Work to be completed: Write out, without any change, the lines in the material below that run from the line with "Der Umbau Rüschwerke" through the line with "This whimsical poster", both included.

Provided information:
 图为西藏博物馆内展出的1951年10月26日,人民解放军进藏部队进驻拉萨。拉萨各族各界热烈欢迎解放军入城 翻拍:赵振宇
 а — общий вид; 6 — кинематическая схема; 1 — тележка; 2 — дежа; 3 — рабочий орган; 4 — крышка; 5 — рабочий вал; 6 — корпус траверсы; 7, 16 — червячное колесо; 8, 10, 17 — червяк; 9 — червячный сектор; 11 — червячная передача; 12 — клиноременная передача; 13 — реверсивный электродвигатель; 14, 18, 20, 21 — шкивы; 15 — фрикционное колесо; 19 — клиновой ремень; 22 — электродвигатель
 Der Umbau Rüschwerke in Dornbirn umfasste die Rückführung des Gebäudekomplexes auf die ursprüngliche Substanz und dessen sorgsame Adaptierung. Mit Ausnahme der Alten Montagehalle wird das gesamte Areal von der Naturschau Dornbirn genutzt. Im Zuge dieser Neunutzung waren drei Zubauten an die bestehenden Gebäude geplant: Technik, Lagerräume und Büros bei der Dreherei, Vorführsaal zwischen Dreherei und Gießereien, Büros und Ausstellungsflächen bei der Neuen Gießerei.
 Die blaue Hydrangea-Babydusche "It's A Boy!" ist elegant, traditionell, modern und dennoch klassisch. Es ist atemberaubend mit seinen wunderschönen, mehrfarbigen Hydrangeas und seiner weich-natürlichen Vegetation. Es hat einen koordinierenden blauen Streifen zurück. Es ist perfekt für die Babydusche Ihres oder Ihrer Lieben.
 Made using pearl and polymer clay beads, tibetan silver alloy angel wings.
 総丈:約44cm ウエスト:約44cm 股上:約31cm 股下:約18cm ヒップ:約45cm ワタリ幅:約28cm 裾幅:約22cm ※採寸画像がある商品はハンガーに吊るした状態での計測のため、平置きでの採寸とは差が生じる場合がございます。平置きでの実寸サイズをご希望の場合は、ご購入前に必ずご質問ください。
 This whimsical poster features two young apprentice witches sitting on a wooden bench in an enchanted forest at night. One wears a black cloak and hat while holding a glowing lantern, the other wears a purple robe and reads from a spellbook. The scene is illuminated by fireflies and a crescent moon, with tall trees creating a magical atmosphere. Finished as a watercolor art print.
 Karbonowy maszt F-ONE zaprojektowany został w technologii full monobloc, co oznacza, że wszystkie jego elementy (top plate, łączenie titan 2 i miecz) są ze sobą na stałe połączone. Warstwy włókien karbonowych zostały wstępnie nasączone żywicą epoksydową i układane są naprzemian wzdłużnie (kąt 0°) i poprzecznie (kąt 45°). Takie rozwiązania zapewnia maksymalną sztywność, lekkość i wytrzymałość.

Answer to the exercise:
 Der Umbau Rüschwerke in Dornbirn umfasste die Rückführung des Gebäudekomplexes auf die ursprüngliche Substanz und dessen sorgsame Adaptierung. Mit Ausnahme der Alten Montagehalle wird das gesamte Areal von der Naturschau Dornbirn genutzt. Im Zuge dieser Neunutzung waren drei Zubauten an die bestehenden Gebäude geplant: Technik, Lagerräume und Büros bei der Dreherei, Vorführsaal zwischen Dreherei und Gießereien, Büros und Ausstellungsflächen bei der Neuen Gießerei.
 Die blaue Hydrangea-Babydusche "It's A Boy!" ist elegant, traditionell, modern und dennoch klassisch. Es ist atemberaubend mit seinen wunderschönen, mehrfarbigen Hydrangeas und seiner weich-natürlichen Vegetation. Es hat einen koordinierenden blauen Streifen zurück. Es ist perfekt für die Babydusche Ihres oder Ihrer Lieben.
 Made using pearl and polymer clay beads, tibetan silver alloy angel wings.
 総丈:約44cm ウエスト:約44cm 股上:約31cm 股下:約18cm ヒップ:約45cm ワタリ幅:約28cm 裾幅:約22cm ※採寸画像がある商品はハンガーに吊るした状態での計測のため、平置きでの採寸とは差が生じる場合がございます。平置きでの実寸サイズをご希望の場合は、ご購入前に必ずご質問ください。
 This whimsical poster features two young apprentice witches sitting on a wooden bench in an enchanted forest at night. One wears a black cloak and hat while holding a glowing lantern, the other wears a purple robe and reads from a spellbook. The scene is illuminated by fireflies and a crescent moon, with tall trees creating a magical atmosphere. Finished as a watercolor art print.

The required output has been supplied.